Vital Signs           

TIME      1300                          1330                          1400                        1500

LOR       A+Ox4                       A+Ox4                       A+Ox4                     A+Ox4

HR         100, strong, regular   100, strong, regular   84, strong, regular   76, strong

RR         18, easy, regular       16, easy, regular        14, easy, regular      14, easy

SCTM     pale, warm, moist     pale, warm, moist      pale, warm, dry        pale, warm

BP         strong radial pulse     strong radial pulse     strong radial pulse   strong radial

Pupils    PERRL                      PERRL                      PERRL                     PERRL

T°           not taken                   not taken                   not taken                   not taken


Symptoms: As the afternoon progressed the patient felt better, although still tired and low on energy. Denies headache. Mental status remains normal.

Allergies: Patient continued to deny allergy.

Medications: Patient re-stated only occasional ibuprofen use and none today.

Pertinent Hx: Patient denies any ongoing medical conditions.

Last in/out: Patient has been drinking 5-6 liters of fluid daily for the past three days, eating regular meals and snacks.  He states his urine volume and color has been normal. 

Events: Patient denies recent illness and says he has been feeling fine.

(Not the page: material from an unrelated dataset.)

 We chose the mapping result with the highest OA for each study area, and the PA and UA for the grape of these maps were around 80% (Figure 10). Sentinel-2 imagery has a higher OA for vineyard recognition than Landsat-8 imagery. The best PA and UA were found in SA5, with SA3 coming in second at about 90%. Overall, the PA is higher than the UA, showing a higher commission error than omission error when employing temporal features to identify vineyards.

  • Possible heat exhaustion. Normal mental status suggests heat stroke is unlikely.
  • Possible flu-like illness.


  • Rest in shade and stop here for the night.
  • Have patient drink fluids and eat salty snacks; monitor urine output.
  • Make a decision in the morning on continuing hike or evacuating based on patient condition.

Anticipated problems

  • Patient does not improve.


Wilderness medicine is commonly low drama and routine problems: flu-like illness, mild/moderate stages of environmental problems, sore muscles, minor cuts and scrapes. Early intervention keeps these minor problems from becoming significant concerns. So much of sound wilderness medicine is also sound outdoor leadership.

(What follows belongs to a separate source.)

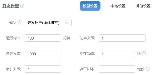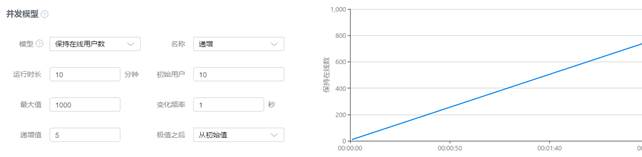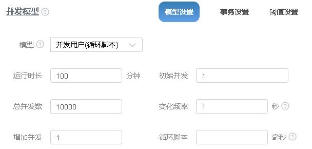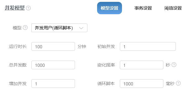 选择“用户并发模型”,然后总用户数即为并发数,速率即可控制每秒启动多少并发,通过每秒启动1个并发方式慢慢递增,也可以立即启动1000个并发达到总并发数。

When there is nothing obviously dire in the patient’s presentation, we consider the worst case, see if we can rule anything out, treat for multiple problems, and see if the patient gets better or worse. A worst case would be heat stroke, which is not apparent in this patient whose skin is not hot and who has normal mental status. The hydration history suggests that hyponatremia from drinking too much, or dehydration from drinking too little, are both unlikely. 

Trends in vital signs are vital to assess. The first set establishes a baseline. Changes, or stability, are both important pieces of information. In this case the vital sign trend tells us the patient is stable and even improving. A HR that stays elevated or trends faster, with pale moist skin and perhaps a weakening radial pulse or altered mental status tells us something is going on, perhaps some form of shock. A patient who continues to complain of being weak and feeling ill is obviously not improving.

Maybe this is just a mild flu-like illness, low blood sugar, or fatigue from the heat. We often treat for multiple problems at the same time, throwing a wide net over the problem. Heat stress and possible dehydration are managed by seeking shade, resting, and supporting hydration, which also treats a possible flu-like illness. If our net doesn’t help the patient get better, we evacuate.

End of the Tale

The patient felt much better within a few hours and wanted to get on down the trail, but the group decided to move only a short distance to a nicer campsite for the night. In the morning the patient, well-hydrated, rested and fed, was able to resume the hike.

Patience with our patients is a virtue in wilderness medicine. We want to fix problems quickly, yet we often get ill slowly, and better slowly. One of the traps of the short scenarios common in wilderness medicine courses is the illusion that people get better quickly. People may be physically in wilderness, but often act like they are in a city, with expectations for quick solutions to inconveniences, let alone real problems. This group acted as if they were in the wilderness. They changed their plans, stopped the hike, rested, and cared for their companion.